Figure 2: Sample of Displaying the Contents of a CellList
è Finally, here are some general rules that you must consider when implementing the above methods:
- Whenever a node is added or deleted, the list size must be adjusted accordingly;
- All special cases must be handled, whether or not the method description explicitly states that;
- All clone() and copy constructors must perform a deep copy; no shallow copies are allowed;
- If any of your methods allows a privacy leak, you must clearly place a comment at the beginning of the method 1) indicating that this method may result in a privacy leak 2) explaning the reason behind the privacy leak. Please keep in mind that you are not required to implement these proposals;
IV) Now, you are required to write a public class called CellListUtilization. In the main() method, you must do the following:
(a) Create at least two empty lists from the CellList class;
(b) Open the Cell_Info.txt file, and read its contents line by line.
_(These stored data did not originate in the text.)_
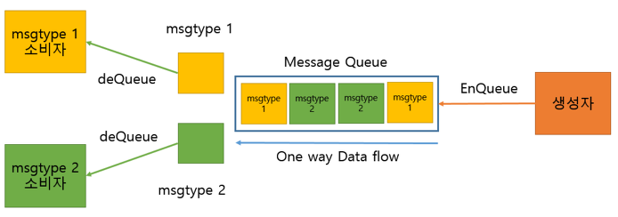 - 구조 : FIFO 구조 / msgtype에 따라 다른 구조체를 통해 통신 가능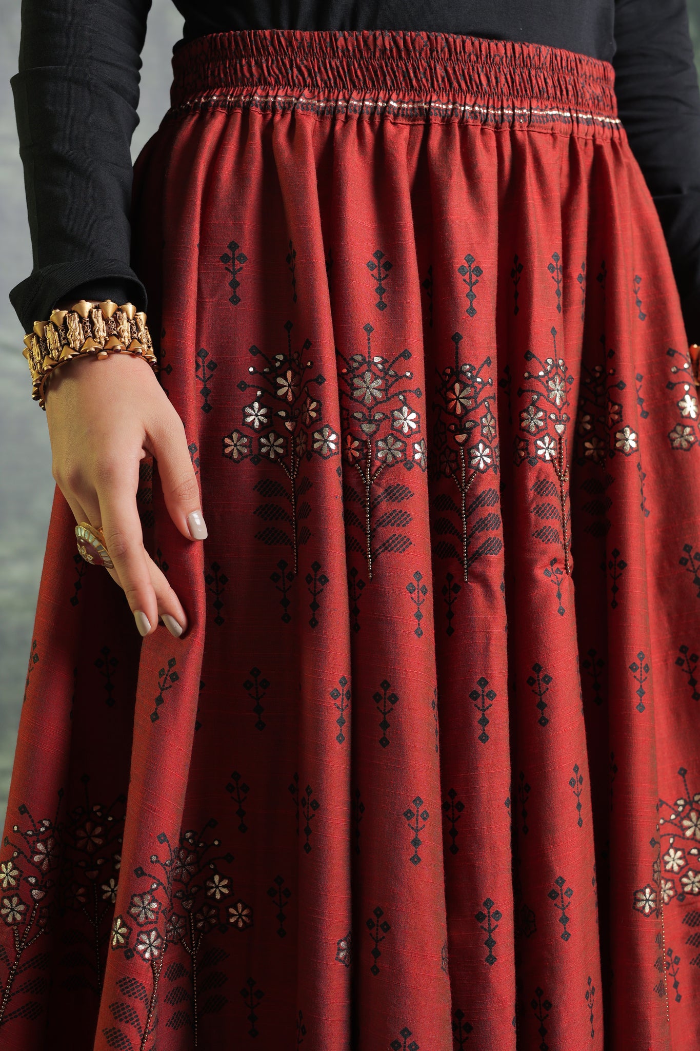 This exquisitely designed ethnic long skirt with pockets and an elastic waist belt exudes a festive feeling. Wear it with traditional jewellery to achieve an Indo-Western look. In terms of fashion, traditional long skirts are making its comeback!...Read more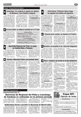 de las ligas de Tarariras y se del fin de semana pa- Federico Viera, cancha ze, a partir de las 13 hs.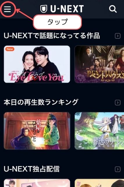 U-NEXT公式HPにアクセスし、左上のメニューアイコンをタップ。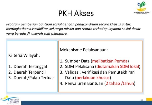 Program Keluarga Harapan yang selanjutnya disebut PKH adalah program pemberian ba n tuan sosial bersyarat kepada Keluarga Miskin KM yang ditetapkan sebagai keluarga penerima manfaat PKH. Sebagai upaya percepatan penanggulangan kemiskinan sejak tahun 2007 Pemerintah Indonesia telah melaksanakan PKH. PKH Akses adalah program pemberian bantuan sosial PKH di wilayah sulit dijangkau baik secara geografis ketersediaan infrastruktur maupun sumber daya manusia dengan pengkondisian secara khusus.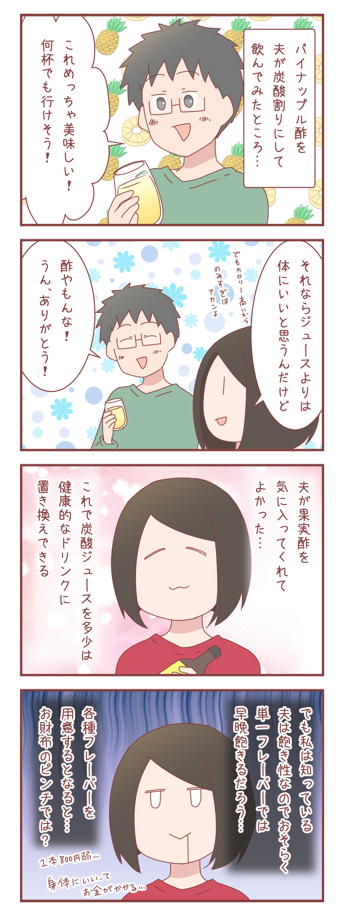 飲み物や食べ物に関して思考停止しやすく同じ物が続いてもあまり苦じゃない私と違って、夫はすぐに味に飽きてしまう方なので、パイナップル酢も早晩飽きるのが目に見えています。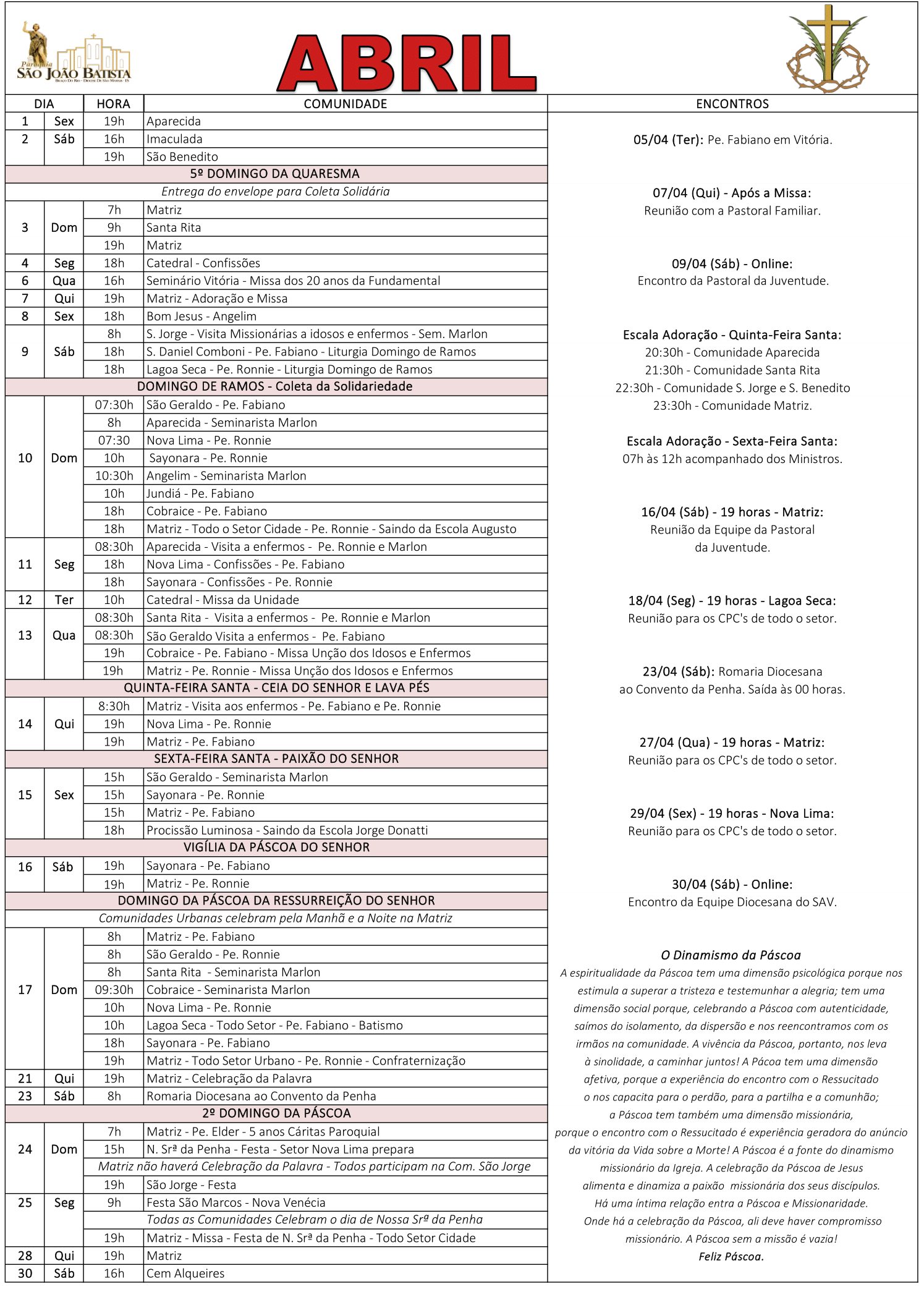 Programação Paroquial do Mês de Abril 2022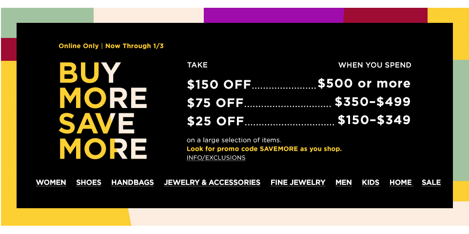Bloomingdale’s 買多省多促銷 by evasdealclub · January 2, 2018 Bloomingdale’s 多種商品 (標有SAVEMORE 折扣碼) 購買連結 購買超過$150 獲得$25折扣 購買超過$350 獲得$75折扣 購買超過$500 獲得$150折扣 Bloomingdale’s 買多省多促銷至1月3日。 Bloomingdale’s Loyalist 會員有免運費資格。 成為會員是免費的,並且可以獲得獎勵積分。每次達到5千獎勵積分,可以換取 $25 Bloomingdale’s 獎勵卡。 Bloomingdale’s Loyalist 會員 註冊連結 Share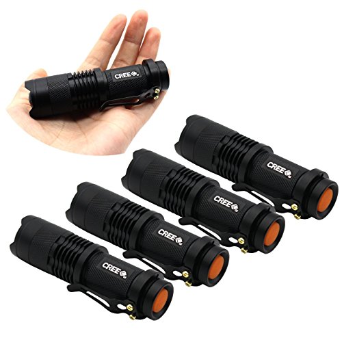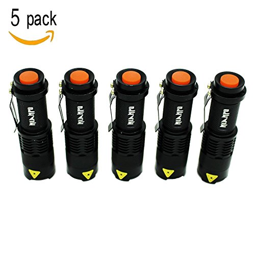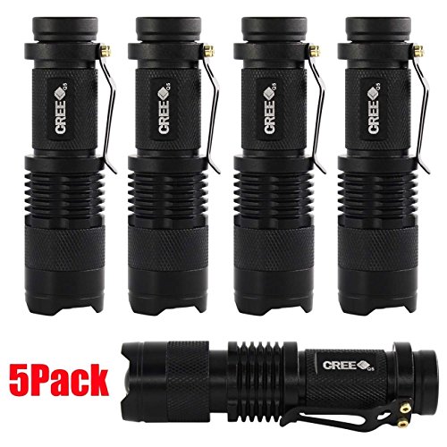 5 Pack SK-68 3 Modes Handheld Mini Cree Q5 LED Flashlight Torch Tactical Lamp 7w 300lm Adjustable Focus Zoomable Light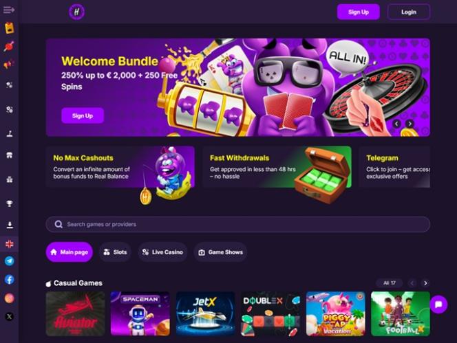 Hit Me Bet Casino 於 2024 年嶄露頭角,迅速進軍線上博弈界,為玩家帶來精彩的線上老虎機、桌上遊戲、真人荷官、即時遊戲、刮刮卡、賓果遊戲和虛擬體育賽事,同時提供豐厚的促銷計劃和會員計劃。該品牌也接受比特幣和以太幣等多種加密貨幣,讓您盡享加密貨幣帶來的許多便利,例如更快的提款速度。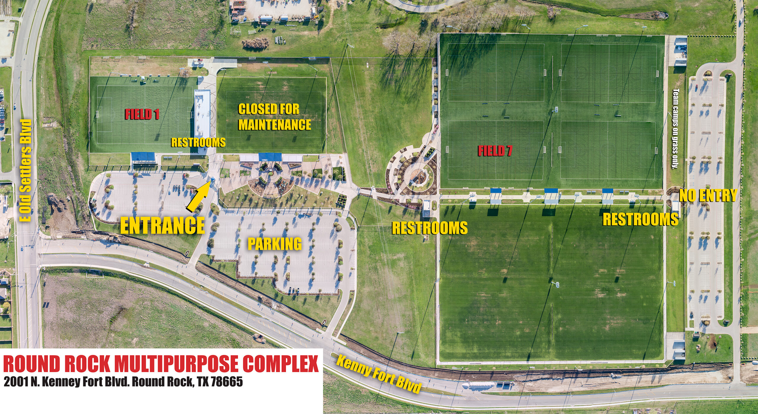All team areas should be in the grassy areas surrounding the four fields. Outside food and drinks are allowed in the team areas.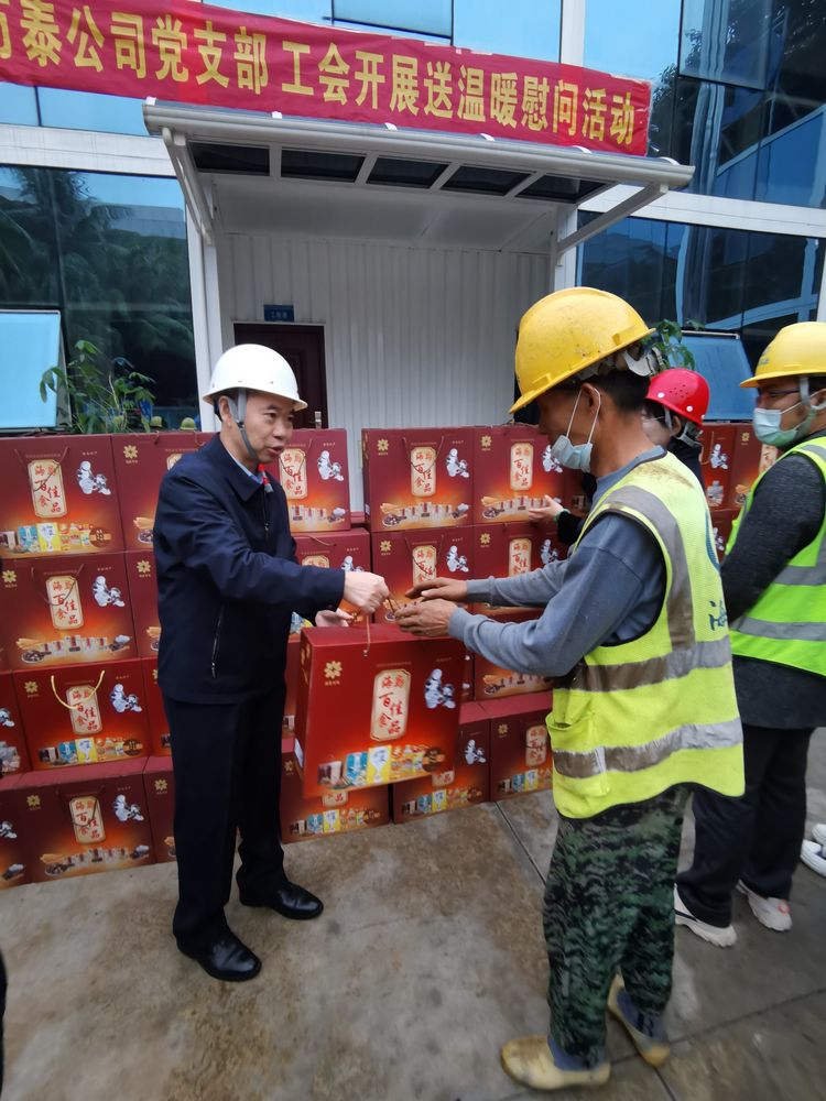 新春送溫暖,真情暖人心。2022年1月11日,在新春佳節(jié)即將來臨之際,省建設工會,海南萬泰公司黨支部、工會赴省政務中心二期項目開展新春慰問一線工人送溫暖活動,為一線工人送去油米、年貨等暖心物資。省建設工會常務副主席劉志偉、辦公室主任黃符杰,萬泰公司常務副總、工會主席顏利,黨支部書記孟晨,工會副主席林慧等有關人員參加本次活動。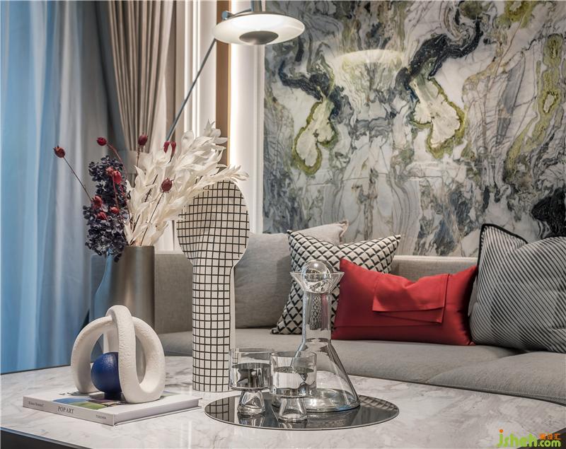 客廳功能集休閑、會(huì)客、娛樂等為一體,采用各種材質(zhì)、色彩、形制合奏出獨(dú)特的藝術(shù)氛圍。在色彩上沿用整體硬裝的基調(diào),加入了時(shí)尚紅和群青色,感受來自米蘭的時(shí)尚氣息。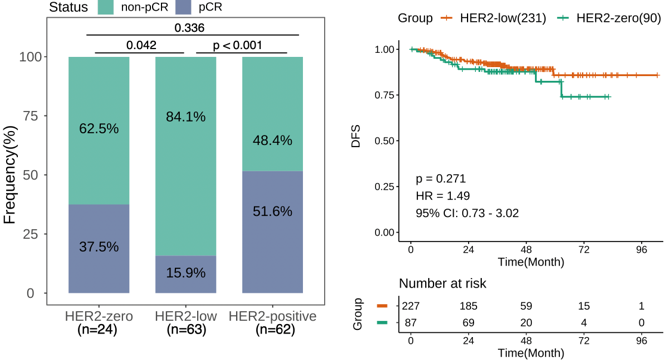 我们进一步分析了总体队列中149名接受新辅助治疗患者的治疗结果。HER2低表达亚组的病理完全缓解(pCR)率明显更低,仅有15.9%,而HER2零表达亚组为37.5%(p=0.042),HER2阳性亚组则高达51.6%(p<0.001)。而在无疾病生存率的比较上,HER2低表达和零表达两个亚组之间则没有显著性的差异(p=0.271),且不受病理完全缓解、HR为状态或基于IHC何种分子分型的影响。
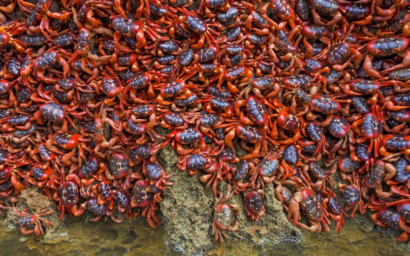Уникальное природное явление можно наблюдать на австралийском острове Рождества. Ежегодно в ноябре или декабре миллионы красных крабов мигрируют из тропических лесов, расположенных в центральной части этого небольшого клочка суши, на побережье Индийского океана для размножения. Начало передвижения зависит от погодных условий — смены фазы луны и дождей.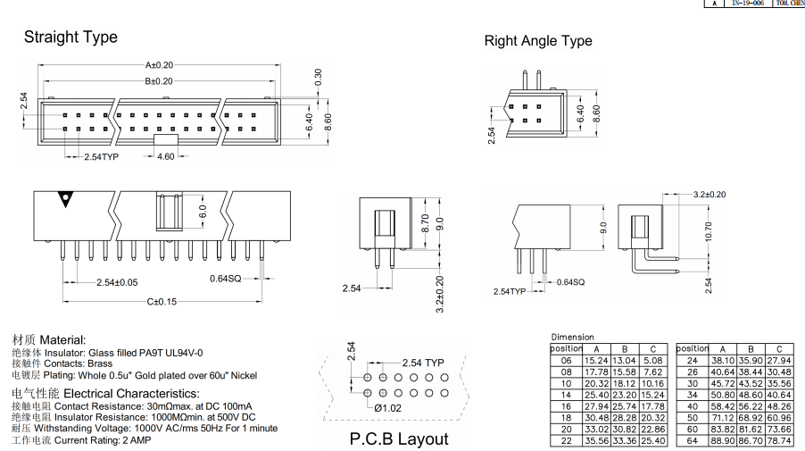 簡(jiǎn)牛 2*17p 彎針90度 2.54mm數(shù)據(jù)手冊(cè)PDF下載

Use these records to initialize one of the
CellList objects you created above. You can simply use the addToStart() method to insert the read objects into the list. However, the list should not have any duplicate records, so if the input file has duplicate entries, which is the case in the file provided with the assignment for instance, your code must handle this case so thast each record is inserted in the list only once;
(c) Show the contents of the list you just initialized;
(d) Prompt the user to enter a few serial numbers and search the list that you created from the input file for these values. Make sure to display the number of iterations performed;
(e) Following that, you must create enough objects to test each of the constructors/methods of your classes. The details of this part are left as open to you. You can do whatever you wish as long as your methods are being tested including some of the special cases.